-- What is required --
Your task is to restate the listing word for word without the pictures.

-- Data extract --
((

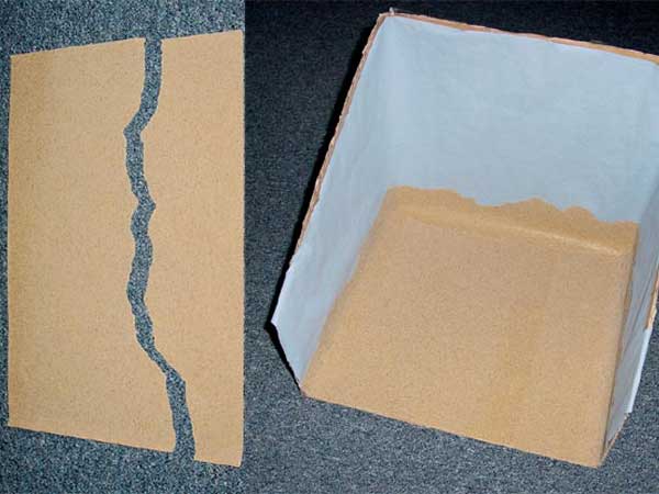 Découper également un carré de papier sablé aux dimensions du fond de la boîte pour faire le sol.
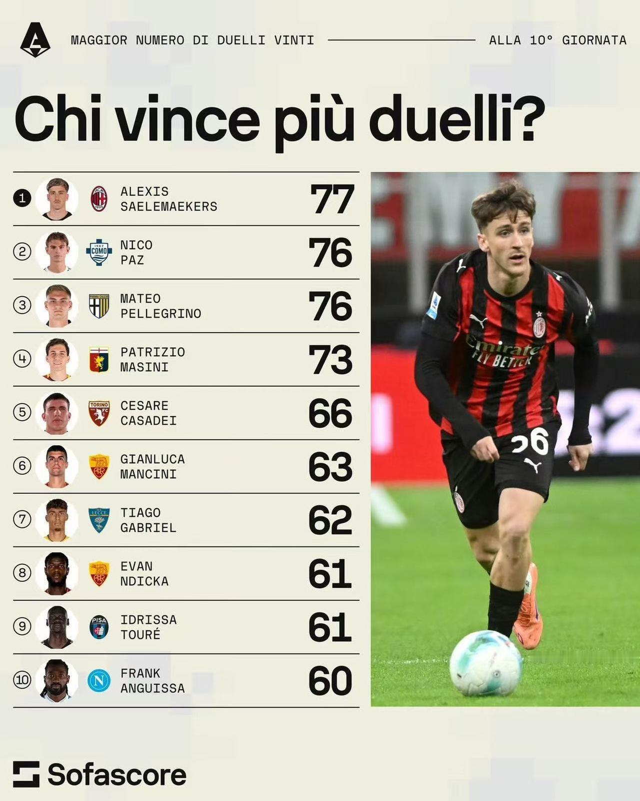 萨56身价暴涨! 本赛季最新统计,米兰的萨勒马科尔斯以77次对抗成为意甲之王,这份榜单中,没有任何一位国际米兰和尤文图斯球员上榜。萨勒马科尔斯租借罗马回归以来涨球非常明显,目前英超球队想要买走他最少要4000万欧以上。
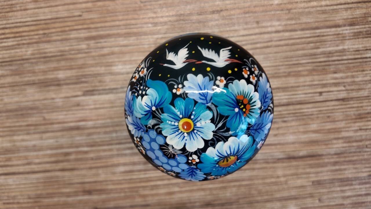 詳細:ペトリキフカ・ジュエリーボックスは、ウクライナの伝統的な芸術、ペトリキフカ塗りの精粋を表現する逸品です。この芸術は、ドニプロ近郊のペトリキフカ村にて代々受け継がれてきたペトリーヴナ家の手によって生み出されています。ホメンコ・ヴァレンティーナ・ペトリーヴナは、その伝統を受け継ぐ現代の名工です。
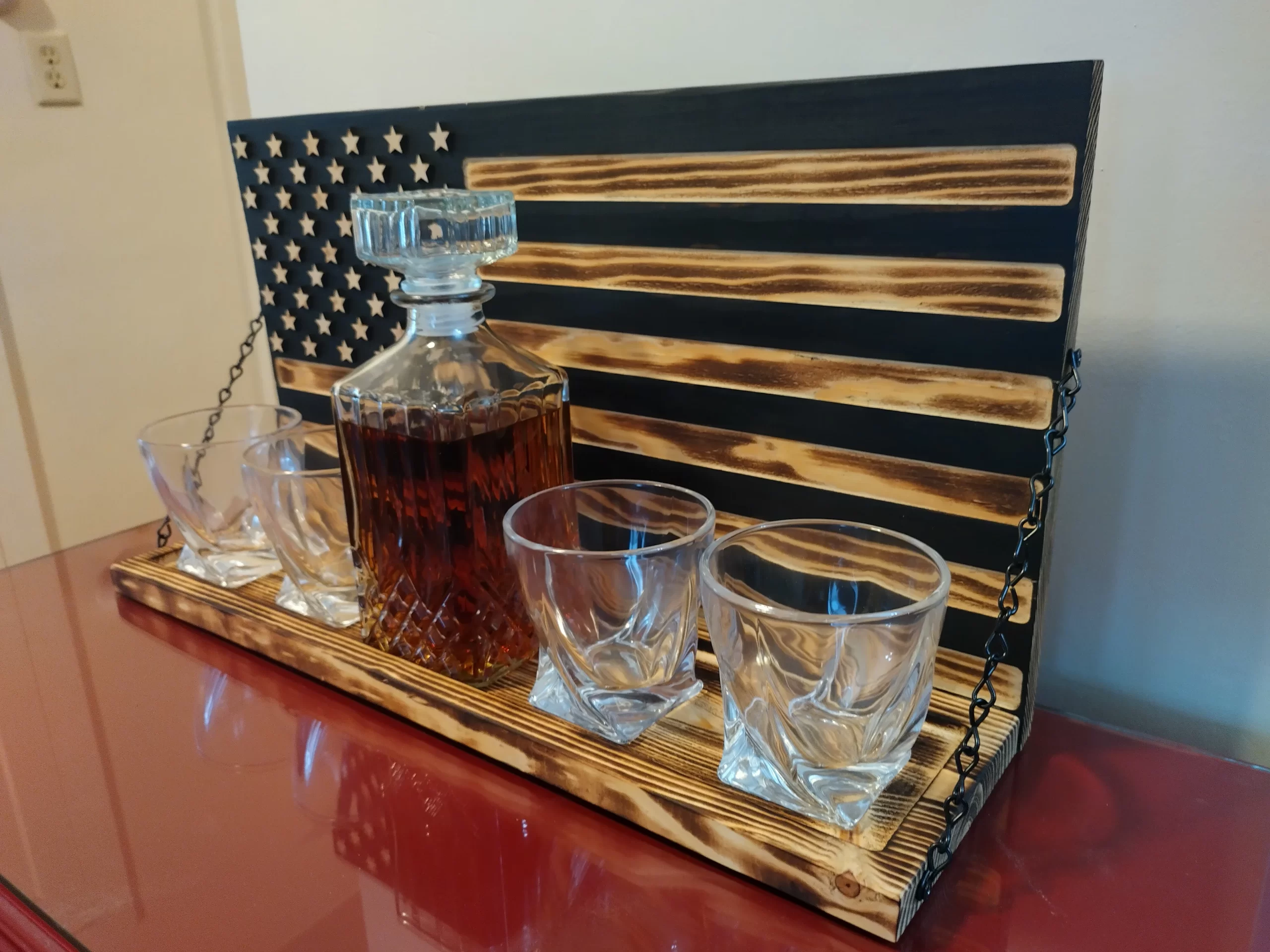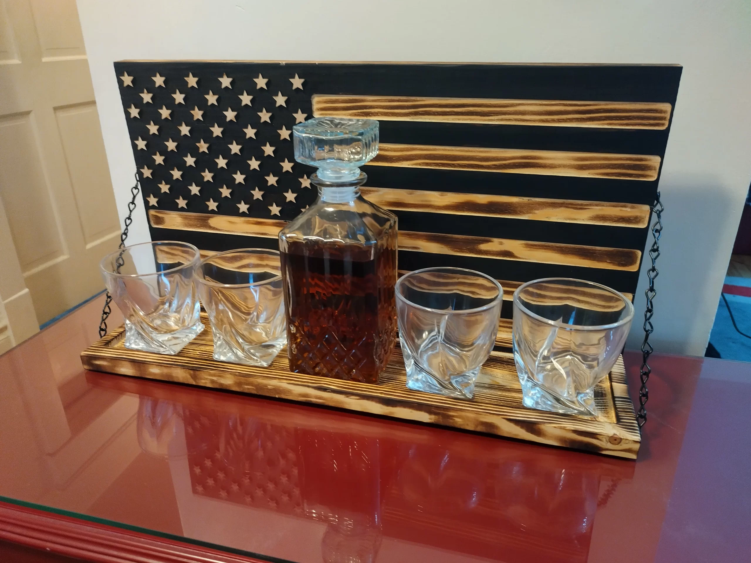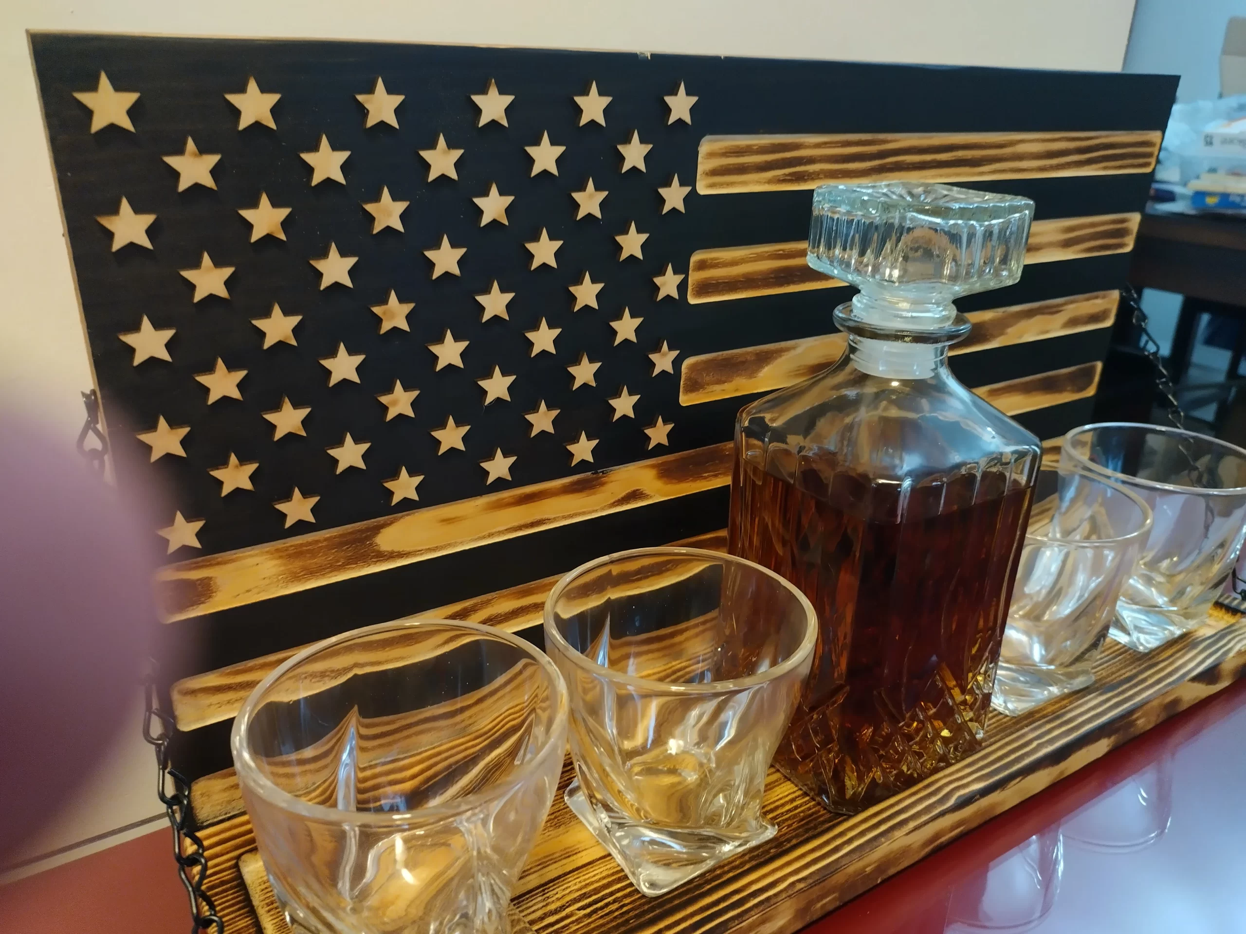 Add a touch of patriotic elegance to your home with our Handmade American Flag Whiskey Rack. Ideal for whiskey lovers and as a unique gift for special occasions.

))

-- Exercise output --
 Découper également un carré de papier sablé aux dimensions du fond de la boîte pour faire le sol.
 萨56身价暴涨! 本赛季最新统计,米兰的萨勒马科尔斯以77次对抗成为意甲之王,这份榜单中,没有任何一位国际米兰和尤文图斯球员上榜。萨勒马科尔斯租借罗马回归以来涨球非常明显,目前英超球队想要买走他最少要4000万欧以上。
 詳細:ペトリキフカ・ジュエリーボックスは、ウクライナの伝統的な芸術、ペトリキフカ塗りの精粋を表現する逸品です。この芸術は、ドニプロ近郊のペトリキフカ村にて代々受け継がれてきたペトリーヴナ家の手によって生み出されています。ホメンコ・ヴァレンティーナ・ペトリーヴナは、その伝統を受け継ぐ現代の名工です。
 Add a touch of patriotic elegance to your home with our Handmade American Flag Whiskey Rack. Ideal for whiskey lovers and as a unique gift for special occasions.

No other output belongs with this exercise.